Copy out again, unchanged, the listing below from the line that has "途径一:打开店铺首页,推荐页面,顶部即可领取;" through the line that has "全体的な質感が非常に高く、造".

[RECORD SET]
--------------------
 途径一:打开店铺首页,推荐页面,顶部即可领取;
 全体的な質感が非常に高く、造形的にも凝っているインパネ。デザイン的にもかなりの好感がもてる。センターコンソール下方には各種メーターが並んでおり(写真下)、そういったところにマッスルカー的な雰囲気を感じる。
--------------------
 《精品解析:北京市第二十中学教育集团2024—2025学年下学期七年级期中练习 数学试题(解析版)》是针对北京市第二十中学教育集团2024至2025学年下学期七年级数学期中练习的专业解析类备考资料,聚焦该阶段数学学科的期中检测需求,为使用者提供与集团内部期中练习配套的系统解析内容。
--------------------
[ANSWER]
 途径一:打开店铺首页,推荐页面,顶部即可领取;
 全体的な質感が非常に高く、造形的にも凝っているインパネ。デザイン的にもかなりの好感がもてる。センターコンソール下方には各種メーターが並んでおり(写真下)、そういったところにマッスルカー的な雰囲気を感じる。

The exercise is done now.